---- PROVIDED RECORDS

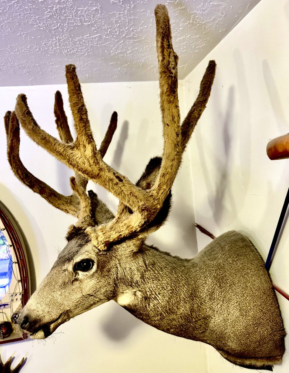 VenmoMy Dad took this Buck many years ago and he's been remounted at least twice. Very impressive deer, I believe he scored right around 170". As you can see his front right side is crab clawed. His backs are very impressive and velvet is still in good condition. Mount is not great but looks okay from across a room. If you're in to big Velvet bucks, this one's for you. $500.00 obo.
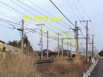 Keywords: Dead-section(fujishiro-toride)2.JPG The AC/DC section on Joban Line between Toride and Fujishiro Stations 常磐線取手駅 - 藤代駅間のデッドセクション(手前が直流 1 500 V 区間 奥が交流 20 kV 50 Hz 区間) Own toshinori baba 2010-02-21 Overhead lines in Japan Jōban Line Toride Ibaraki Overhead line section insulators |
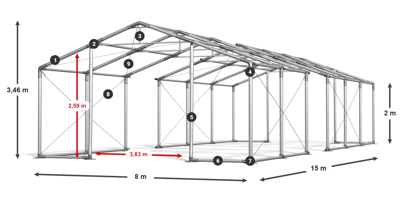 Plarka vybavenovaná oknami vitráže a priehľadnou strechou zaisťuje optimálne osvetlenie stolov a bufetov počas večierkov v večierku. Silné opláštenie s PVC chráni pred vlhkosťou, vetrom a UV žiarením. V prípade stanu môžete organizovať rodinné oslavy, bankety spoločnosti, festivaly a výstavy. Je to tiež vynikajúci záhradný stan a komerčný stan. Oplachovanie bolo vybavené systémom ľahkej zmeny dĺžky Multi-size.
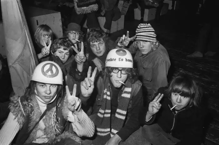 40. 18 января 1973 года. Нидерланды. Студенты бастуют в знак протеста против войны во Вьетнаме.
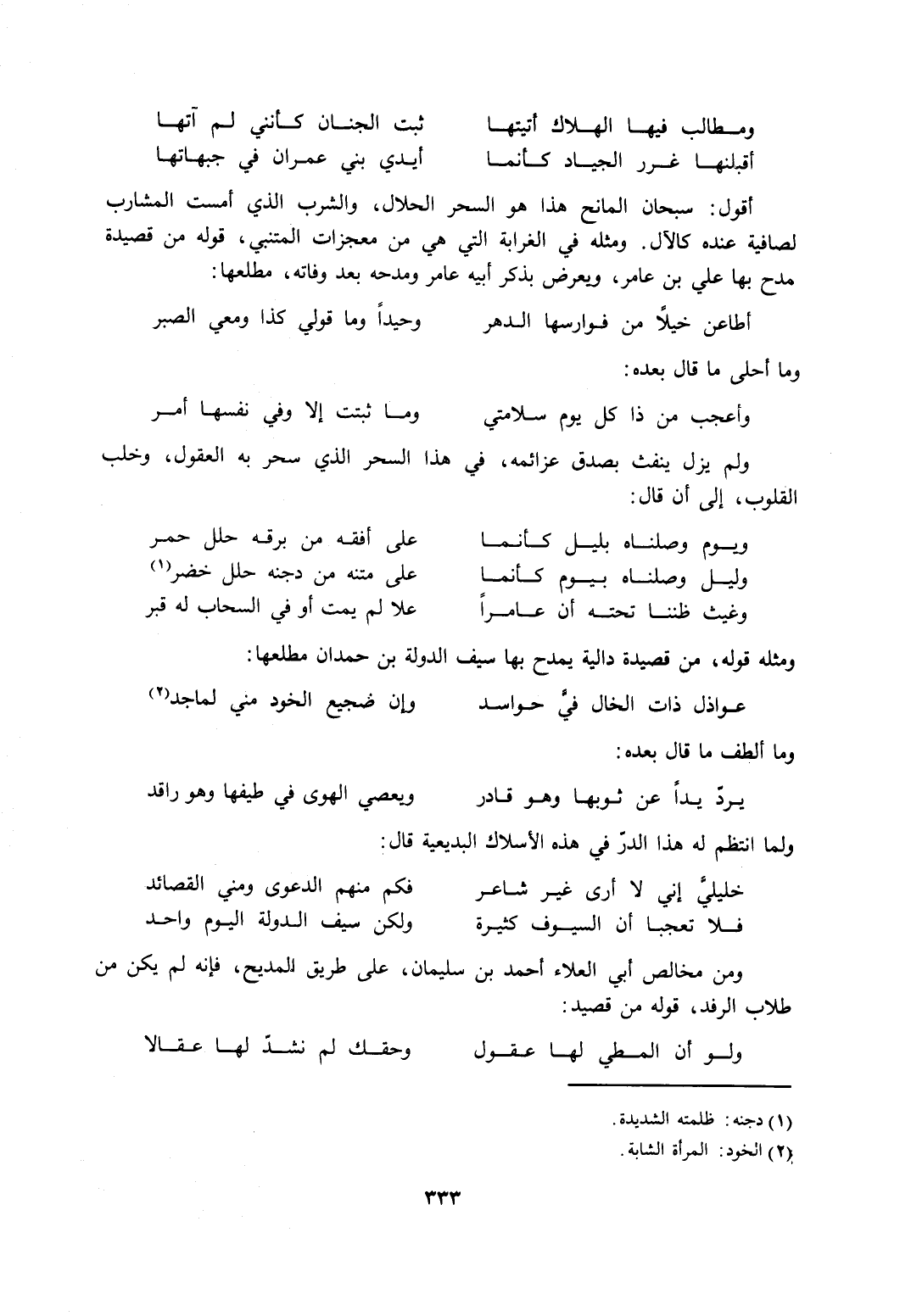 أقول: سبحان المانح هذا هو السحر الحلال، والشرب الذي أمست المشارب لصافية عنده كالآل. ومثله في الغرابة التي هي من معجزات المتنبي، قوله من قصيدة مدح بها علي بن عامر، ويعرض بذكر أبيه عامر ومدحه بعد وفاته، مطلعها:
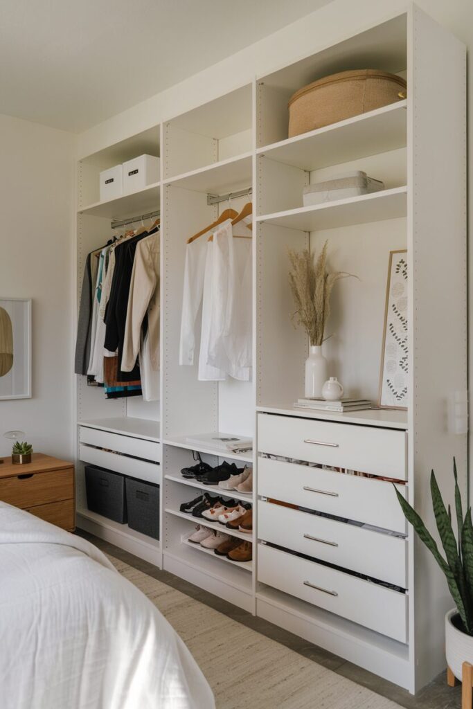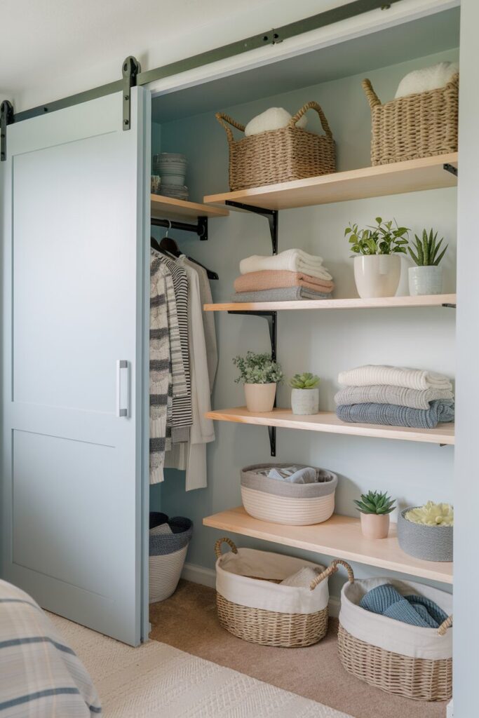 To add personality, style your shelves with a few decorative touches. A small plant, framed photo, or piece of art can make your closet feel more like part of the room rather than just a storage zone.
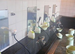 中央自動車道の河口湖インターから139号線(富士パノラマライン)を富士宮方面に走って、 道の駅あさぎり高原の先で 朝霧グリーンパーク入り口の信号を右折すると、左に 広い 駐車場があります。 ![]() ___(グリーンパークホテル)_________(グリーンパークから見た毛無山) ホテルの左端にある入り口を入ると 1階に受付と飲食物を持ち込める休憩所があって、 2階に浴室があります。 ![]() _(浴室の入り口に掛かる湯のれん)_________(洗い場ドレッシング) 浴室は 左にカランが並んでいて、床に使われている石板の感触が良かった。 ※ 20年ほど前に作られた施設ということで ダイヤル式のカランですが、私は 一定量が出て 止まるプッシュタイプよりも、使う量を調整できるダイヤル式の方が使いやすくて好きです。 (洗い場)内湯の前面が開放感のあるガラス張りで 浴槽に使われているタイルの感触が良くて、 温泉の温度が適温だったので 快適にくつろげました。 ※ 無色透明・無味無臭の温泉は循環ろ過・加熱されていると思いますが、わずかに ツルスベ感を感じたので、循環された温泉に源泉を加えているのかもしれません。 (バブルが出ている内湯の浴槽)露天風呂の浴槽の縁には溶岩が積まれていて、そこにシダや苔が植え込まれています。 (露天風呂)こちらの温泉の一番のお勧めは富士山の眺めで、富士山の周りにある温泉の中でも (富士 五湖の湖畔にある温泉を除けば) この露天風呂から眺める富士山は上位に入ると思います。 (露天風呂から見た富士山)富士山の眺めは良かったが、老朽化を感じさせる施設に循環された温泉で千円は高くて、 私が入った時は15時を過ぎていたので800円でしたが、それでも割高感が否めませんでした。 この日は貸切の状態で利用できましたが、近くに 大きな オートキャンプ場やレジャー施設が あるので、夏場の週末は混雑するかもしれません。

--------

> TO DO
In the entries above, find the line containing "أقول: سبحان المانح" and the line containing "To add personality, style", then copy both and every line between them exactly, without any picture.

> SOLUTION TO THE PROBLEM
 أقول: سبحان المانح هذا هو السحر الحلال، والشرب الذي أمست المشارب لصافية عنده كالآل. ومثله في الغرابة التي هي من معجزات المتنبي، قوله من قصيدة مدح بها علي بن عامر، ويعرض بذكر أبيه عامر ومدحه بعد وفاته، مطلعها:
 To add personality, style your shelves with a few decorative touches. A small plant, framed photo, or piece of art can make your closet feel more like part of the room rather than just a storage zone.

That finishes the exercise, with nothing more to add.